The Executive Secretary is hereby ordered to serve a copy of this order upon the Commission by hand delivery, and upon all parties of record by United States Certified Mail, return receipt requested.

Leave is hereby granted to the parties to file written exceptions supported by a brief with the Executive Secretary of the Commission within fifteen (15) days of the date this order is mailed. If exceptions are filed, the parties filing exceptions shall certify to the Executive Secretary that all parties of record have been served said exceptions.

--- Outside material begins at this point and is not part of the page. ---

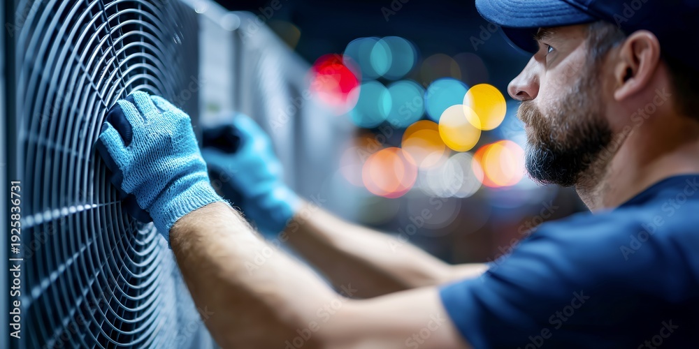 Gloved hands inspecting outdoor AC condenser unit fan #1925836731

If no exceptions are so filed this order shall become the order of the Commission, without further action or order, five (5) days following the expiration of the aforesaid fifteen (15) day time period, unless it is ordered stayed or postponed by the Commission.

Any party may request waiver of the right to file exceptions to an Administrative Law Judge’s order by filing an appropriate petition in writing with the Secretary. No such waiver will be effective until approved by order of the Commission, nor shall any such waiver operate to make any Administrative Law Judge’s Order or Decision the order of the Commission sooner than five (5) days after approval of such waiver by the Commission.